* _Instructions for the task_: In the material below, find every line containing "hands" and copy that line.

* _Input material_:
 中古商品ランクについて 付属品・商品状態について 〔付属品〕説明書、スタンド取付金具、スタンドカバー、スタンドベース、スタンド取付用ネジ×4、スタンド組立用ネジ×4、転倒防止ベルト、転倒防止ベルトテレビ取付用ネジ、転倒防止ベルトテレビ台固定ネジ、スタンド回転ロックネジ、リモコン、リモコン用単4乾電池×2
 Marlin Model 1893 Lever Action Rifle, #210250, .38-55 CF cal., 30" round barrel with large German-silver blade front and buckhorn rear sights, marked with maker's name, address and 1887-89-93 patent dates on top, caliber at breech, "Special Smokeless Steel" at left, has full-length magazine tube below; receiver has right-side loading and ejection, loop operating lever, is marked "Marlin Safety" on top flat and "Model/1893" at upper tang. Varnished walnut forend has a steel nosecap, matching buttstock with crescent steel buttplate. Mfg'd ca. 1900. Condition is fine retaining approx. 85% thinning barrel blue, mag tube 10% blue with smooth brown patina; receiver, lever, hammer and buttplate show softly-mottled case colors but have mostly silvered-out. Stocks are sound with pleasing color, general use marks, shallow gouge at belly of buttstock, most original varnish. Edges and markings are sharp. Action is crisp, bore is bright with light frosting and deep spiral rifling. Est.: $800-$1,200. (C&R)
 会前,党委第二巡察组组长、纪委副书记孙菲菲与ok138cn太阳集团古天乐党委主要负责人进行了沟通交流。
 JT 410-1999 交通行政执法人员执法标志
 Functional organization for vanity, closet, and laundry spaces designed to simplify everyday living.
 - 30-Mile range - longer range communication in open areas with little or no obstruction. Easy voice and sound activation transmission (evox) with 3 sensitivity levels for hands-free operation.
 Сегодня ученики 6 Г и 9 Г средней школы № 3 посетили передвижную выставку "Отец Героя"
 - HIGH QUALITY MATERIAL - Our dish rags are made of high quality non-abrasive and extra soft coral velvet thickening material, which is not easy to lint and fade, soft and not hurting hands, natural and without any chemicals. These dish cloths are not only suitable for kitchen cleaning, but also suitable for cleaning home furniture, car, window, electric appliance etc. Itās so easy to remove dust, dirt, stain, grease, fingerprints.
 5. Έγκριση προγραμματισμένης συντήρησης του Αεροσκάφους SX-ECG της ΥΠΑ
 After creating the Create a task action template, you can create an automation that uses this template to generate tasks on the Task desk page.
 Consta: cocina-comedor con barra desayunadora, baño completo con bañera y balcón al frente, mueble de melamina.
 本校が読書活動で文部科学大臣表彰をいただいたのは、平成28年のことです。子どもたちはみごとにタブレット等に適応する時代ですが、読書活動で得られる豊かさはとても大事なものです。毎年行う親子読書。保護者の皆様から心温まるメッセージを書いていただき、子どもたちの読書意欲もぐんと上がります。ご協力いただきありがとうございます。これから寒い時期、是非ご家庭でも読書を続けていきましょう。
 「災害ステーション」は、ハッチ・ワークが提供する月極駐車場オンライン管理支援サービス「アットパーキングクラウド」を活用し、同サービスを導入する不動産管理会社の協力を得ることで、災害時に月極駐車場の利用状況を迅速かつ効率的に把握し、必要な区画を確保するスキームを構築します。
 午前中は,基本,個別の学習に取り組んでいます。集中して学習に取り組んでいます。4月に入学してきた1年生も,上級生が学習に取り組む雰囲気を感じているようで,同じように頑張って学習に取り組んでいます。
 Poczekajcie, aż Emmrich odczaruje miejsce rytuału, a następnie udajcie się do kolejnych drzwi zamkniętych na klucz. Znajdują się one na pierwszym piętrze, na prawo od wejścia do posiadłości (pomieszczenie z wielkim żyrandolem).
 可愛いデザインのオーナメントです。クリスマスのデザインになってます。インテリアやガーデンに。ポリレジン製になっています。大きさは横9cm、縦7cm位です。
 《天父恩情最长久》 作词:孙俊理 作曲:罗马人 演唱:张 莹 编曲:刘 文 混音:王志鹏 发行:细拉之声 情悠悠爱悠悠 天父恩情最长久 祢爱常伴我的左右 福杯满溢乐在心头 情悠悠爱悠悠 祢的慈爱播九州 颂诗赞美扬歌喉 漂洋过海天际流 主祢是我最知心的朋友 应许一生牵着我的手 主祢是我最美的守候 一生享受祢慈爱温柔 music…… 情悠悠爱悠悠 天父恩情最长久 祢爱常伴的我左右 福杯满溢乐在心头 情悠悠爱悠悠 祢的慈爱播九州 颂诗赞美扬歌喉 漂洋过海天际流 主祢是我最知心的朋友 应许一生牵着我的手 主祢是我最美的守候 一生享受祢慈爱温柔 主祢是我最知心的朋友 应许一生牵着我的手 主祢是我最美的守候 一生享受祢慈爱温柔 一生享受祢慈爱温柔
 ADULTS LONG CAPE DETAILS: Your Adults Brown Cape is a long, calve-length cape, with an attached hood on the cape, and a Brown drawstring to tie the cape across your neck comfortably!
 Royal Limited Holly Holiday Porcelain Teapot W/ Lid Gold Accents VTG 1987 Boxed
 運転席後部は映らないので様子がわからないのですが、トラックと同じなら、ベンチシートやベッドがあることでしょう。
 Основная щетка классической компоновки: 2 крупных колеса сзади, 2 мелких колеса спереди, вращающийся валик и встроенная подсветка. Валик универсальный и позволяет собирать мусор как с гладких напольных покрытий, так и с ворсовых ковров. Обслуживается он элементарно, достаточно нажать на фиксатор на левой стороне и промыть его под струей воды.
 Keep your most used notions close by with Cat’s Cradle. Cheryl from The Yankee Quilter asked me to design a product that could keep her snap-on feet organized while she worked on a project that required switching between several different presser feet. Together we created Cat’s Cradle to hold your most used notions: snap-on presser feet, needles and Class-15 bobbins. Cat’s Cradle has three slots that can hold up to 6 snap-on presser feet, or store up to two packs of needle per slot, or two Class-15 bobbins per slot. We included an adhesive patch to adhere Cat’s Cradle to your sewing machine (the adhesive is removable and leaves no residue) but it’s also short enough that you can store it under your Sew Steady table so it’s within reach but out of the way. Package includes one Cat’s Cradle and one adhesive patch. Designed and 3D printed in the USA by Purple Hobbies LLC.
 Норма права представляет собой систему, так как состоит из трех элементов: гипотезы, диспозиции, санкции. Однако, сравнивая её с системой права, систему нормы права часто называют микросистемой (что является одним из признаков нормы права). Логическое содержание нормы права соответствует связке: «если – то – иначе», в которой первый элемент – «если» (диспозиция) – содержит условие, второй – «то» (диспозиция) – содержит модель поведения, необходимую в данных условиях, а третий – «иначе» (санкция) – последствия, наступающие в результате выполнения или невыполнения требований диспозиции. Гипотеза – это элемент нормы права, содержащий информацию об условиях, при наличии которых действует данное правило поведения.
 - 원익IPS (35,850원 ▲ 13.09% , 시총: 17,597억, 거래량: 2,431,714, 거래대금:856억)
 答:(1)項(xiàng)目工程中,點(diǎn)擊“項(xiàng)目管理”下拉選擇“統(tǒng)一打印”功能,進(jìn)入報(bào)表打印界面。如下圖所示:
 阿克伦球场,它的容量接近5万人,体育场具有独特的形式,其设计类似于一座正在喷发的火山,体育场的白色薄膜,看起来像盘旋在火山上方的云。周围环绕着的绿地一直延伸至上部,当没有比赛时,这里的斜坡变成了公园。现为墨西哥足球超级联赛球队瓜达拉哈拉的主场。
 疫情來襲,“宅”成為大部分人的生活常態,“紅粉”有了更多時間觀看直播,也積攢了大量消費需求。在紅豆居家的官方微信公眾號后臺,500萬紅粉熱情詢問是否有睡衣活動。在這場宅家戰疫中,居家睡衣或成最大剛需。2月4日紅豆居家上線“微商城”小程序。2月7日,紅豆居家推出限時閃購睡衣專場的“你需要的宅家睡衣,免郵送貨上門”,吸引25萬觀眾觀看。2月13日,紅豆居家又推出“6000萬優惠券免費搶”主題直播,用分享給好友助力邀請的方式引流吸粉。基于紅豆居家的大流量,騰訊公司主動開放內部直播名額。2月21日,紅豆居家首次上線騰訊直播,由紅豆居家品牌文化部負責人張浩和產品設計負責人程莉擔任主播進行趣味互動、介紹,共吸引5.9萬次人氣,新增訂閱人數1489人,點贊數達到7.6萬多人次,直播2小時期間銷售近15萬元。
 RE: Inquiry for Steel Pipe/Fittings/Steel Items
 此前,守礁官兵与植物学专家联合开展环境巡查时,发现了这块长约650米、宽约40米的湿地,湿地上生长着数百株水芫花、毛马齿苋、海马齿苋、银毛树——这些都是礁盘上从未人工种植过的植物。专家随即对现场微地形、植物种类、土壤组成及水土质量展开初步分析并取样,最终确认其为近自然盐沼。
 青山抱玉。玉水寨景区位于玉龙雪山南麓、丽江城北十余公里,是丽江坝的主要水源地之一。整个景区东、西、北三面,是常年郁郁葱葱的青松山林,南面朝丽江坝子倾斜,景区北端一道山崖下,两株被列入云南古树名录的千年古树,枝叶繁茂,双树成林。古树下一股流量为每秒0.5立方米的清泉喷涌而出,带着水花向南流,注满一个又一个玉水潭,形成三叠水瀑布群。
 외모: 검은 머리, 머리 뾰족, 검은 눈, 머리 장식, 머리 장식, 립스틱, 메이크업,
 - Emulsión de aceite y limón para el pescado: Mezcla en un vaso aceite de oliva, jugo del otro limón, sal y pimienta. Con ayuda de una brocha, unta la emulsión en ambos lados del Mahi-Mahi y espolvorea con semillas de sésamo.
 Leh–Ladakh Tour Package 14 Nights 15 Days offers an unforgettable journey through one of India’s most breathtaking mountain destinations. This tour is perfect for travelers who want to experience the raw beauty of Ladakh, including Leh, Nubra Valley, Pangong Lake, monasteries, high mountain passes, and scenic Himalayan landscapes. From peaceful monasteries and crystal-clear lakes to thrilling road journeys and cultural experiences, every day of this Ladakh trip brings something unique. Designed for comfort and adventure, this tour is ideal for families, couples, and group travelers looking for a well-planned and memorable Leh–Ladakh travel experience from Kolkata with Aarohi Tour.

* _Response_:
 - 30-Mile range - longer range communication in open areas with little or no obstruction. Easy voice and sound activation transmission (evox) with 3 sensitivity levels for hands-free operation.
 - HIGH QUALITY MATERIAL - Our dish rags are made of high quality non-abrasive and extra soft coral velvet thickening material, which is not easy to lint and fade, soft and not hurting hands, natural and without any chemicals. These dish cloths are not only suitable for kitchen cleaning, but also suitable for cleaning home furniture, car, window, electric appliance etc. Itās so easy to remove dust, dirt, stain, grease, fingerprints.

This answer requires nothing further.